Lebron has come around in a time where weight training, plyometrics, and top notch facilities are there for him to utilize. It was always believed that weight training would hurt your game, look back at some of the 80's games and tell me how many well defined or big players do you see? No where near what you see today. Weight training coaches are pretty much used by all teams now and most players have their own trainers. Tim Grover has made a living of this ever since he met up with MJ.

As for the defense being better and the scores being lower, here is the scores from the Bulls and Heat series in 1996 and the scores from the series this year.


1996

Game 1 Chicago 102 Miami 85
Game 2 Chicago 106 Miami 76
Game 3 Chicago 112 Miami 91


2006

Game 1 Miami 111 Chicago 106
Game 2 Miami 115 Chicago 108
Game 3 Miami 90 Chicago 109
Game 4 Miami 87 Chicago 93
Game 5 Miami 92 Chicago 78
Game 6 Miami 113 Chicago 96

I'm not going to even bring up the 97' playoff series against Miami which had the lowest combined scoring game in the playoffs. The rules are different now to where they benefit a Lebron, Gilbert, AI, or a Kobe Bryant. You can't touch them above the foul line or it's a foul. 

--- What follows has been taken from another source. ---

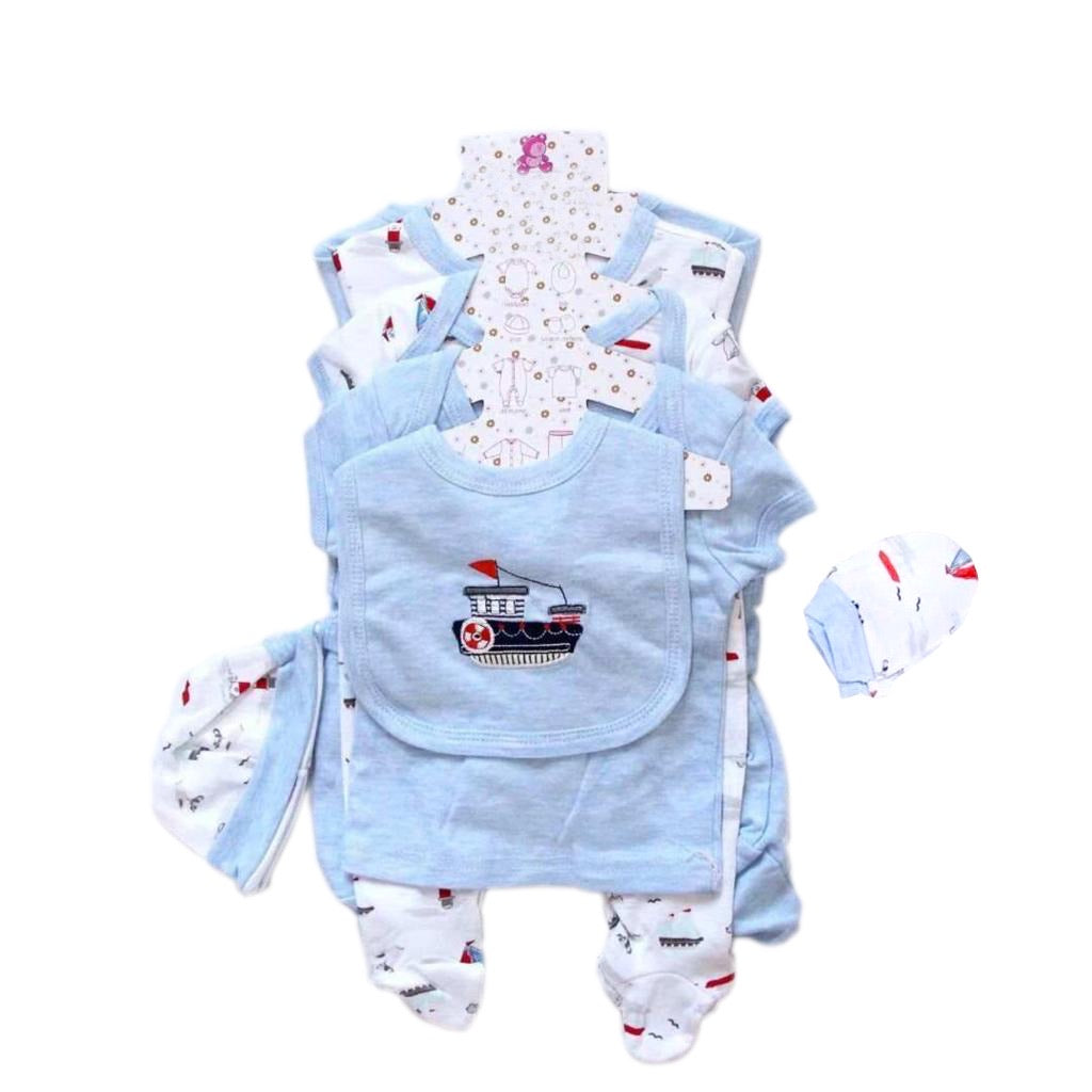 -The 8pc set consists of perfectly sized Sleepsuit romper with foot cover, onsie, pair of mittens, cap, shirt with buttons, T-shirt, pants with footsies and a square bib with a popper.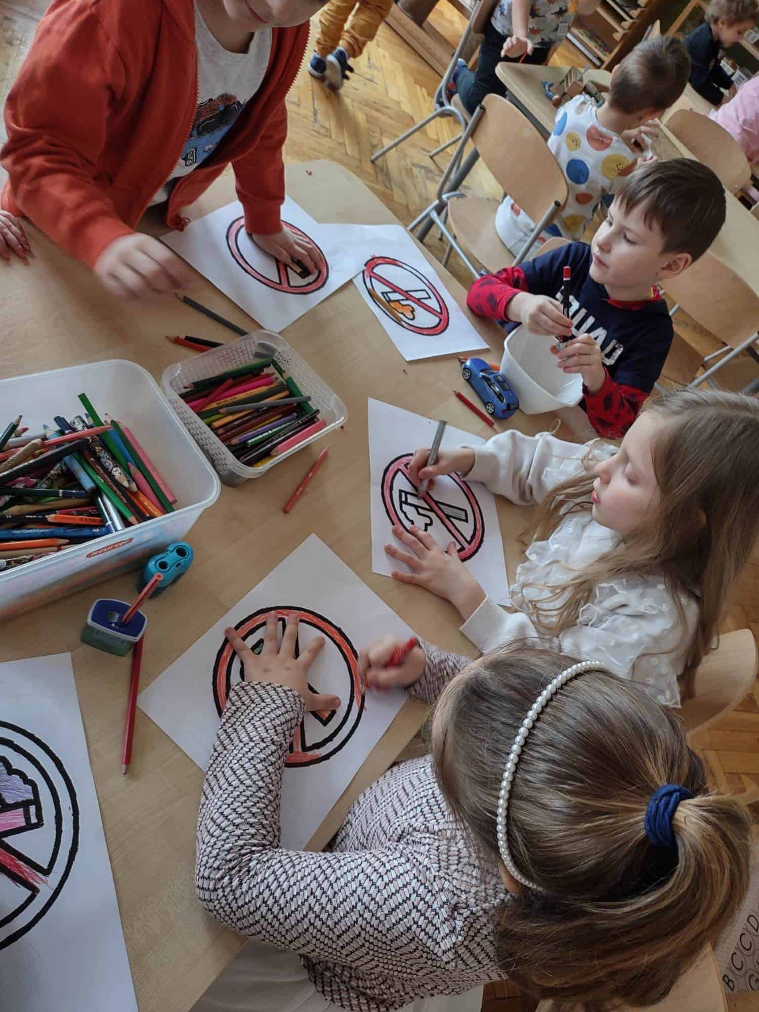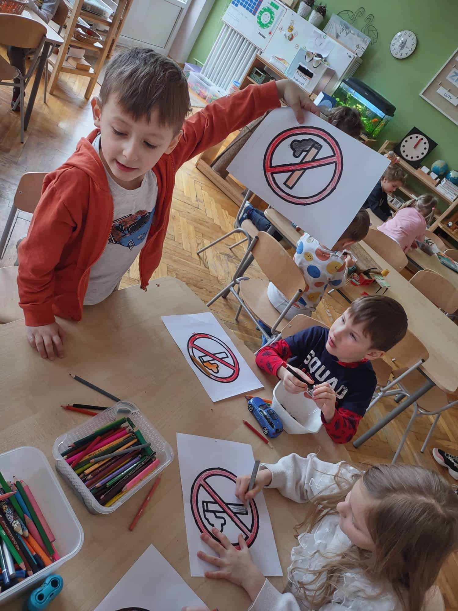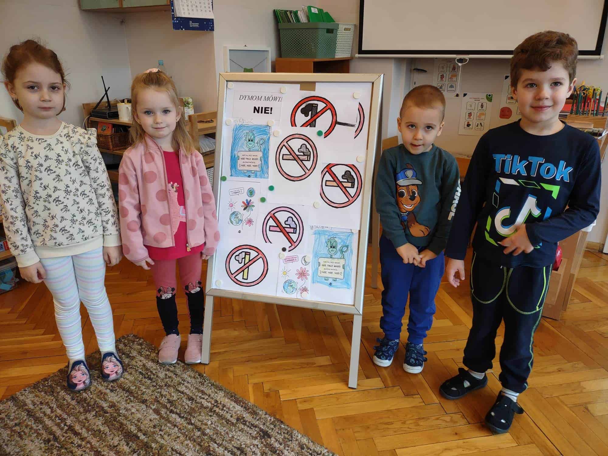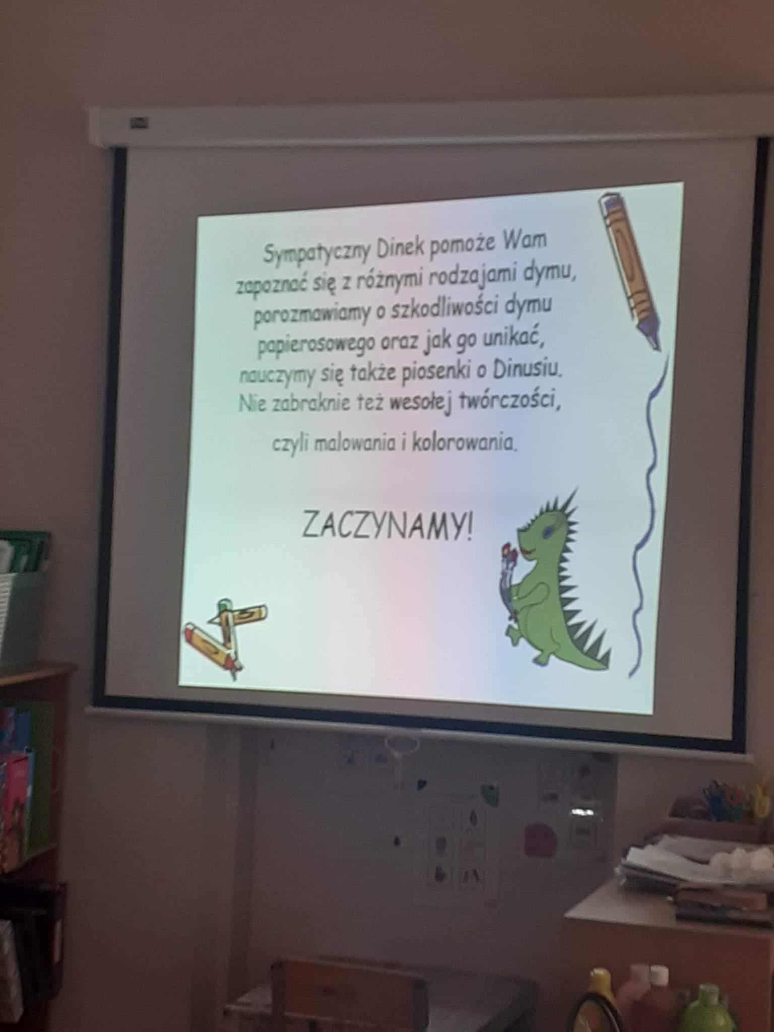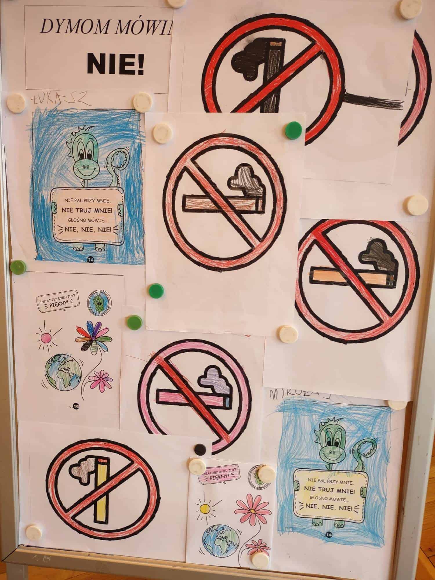 Poszczególne zajęcia, rozłożone na kilka dni, były skoncentrowane na pobudzeniu różnych form aktywności dzieci. Nasze przedszkolaki wykonywały odpowiednie rysunki na temat szkodliwości dymu papierosowego, były również ćwiczenia oddechowe i relaksacyjne przy akompaniamencie muzycznym, uświadamiające, iż oddychanie świeżym powietrzem jest zdrowe. Na zakończenie działań dzieci projektowały własne znaczki zakazu mówiące o szkodliwości palenia tytoniu. Zajęciom towarzyszyła sylwetka dinozaura „Dinusia”, która pomagała dzieciom w rozwiązywaniu stawianych zadań, uczyła współdziałania w zespole i odpowiedzialności za wykonanie wspólnych prac.

Better defense? When Lebron can catch the ball close the corner and go along the baseline past 3 players and score the winning layup in 4 seconds and not be touched, that is not better defense. That was against the Washington Wizards which finished with the 5th seed in the EAST. That's why Lebron had the series he had, I want to see how he does against the Pistons now.

Yes, at 21, Lebron is beyond where Michael was at this age. But at 21, Michael had a National Championship cause of a shot he hit at the age of 19! Michael continued to do it when he got into the league. He carried a 6th seeded Bulls to the Eastern Conference Finals in 1989, where they lost to the Pistons 4 - 2. The Pistons swept the Lakers 4 - 0 in the Finals. 

Lebron has a decent team around him in his 3rd year, anybody here what to name players Michael had on his team during the 86-87 season, his 3rd in the league. Here's two of them, John Paxson and Charles Oakley, you all name the rest.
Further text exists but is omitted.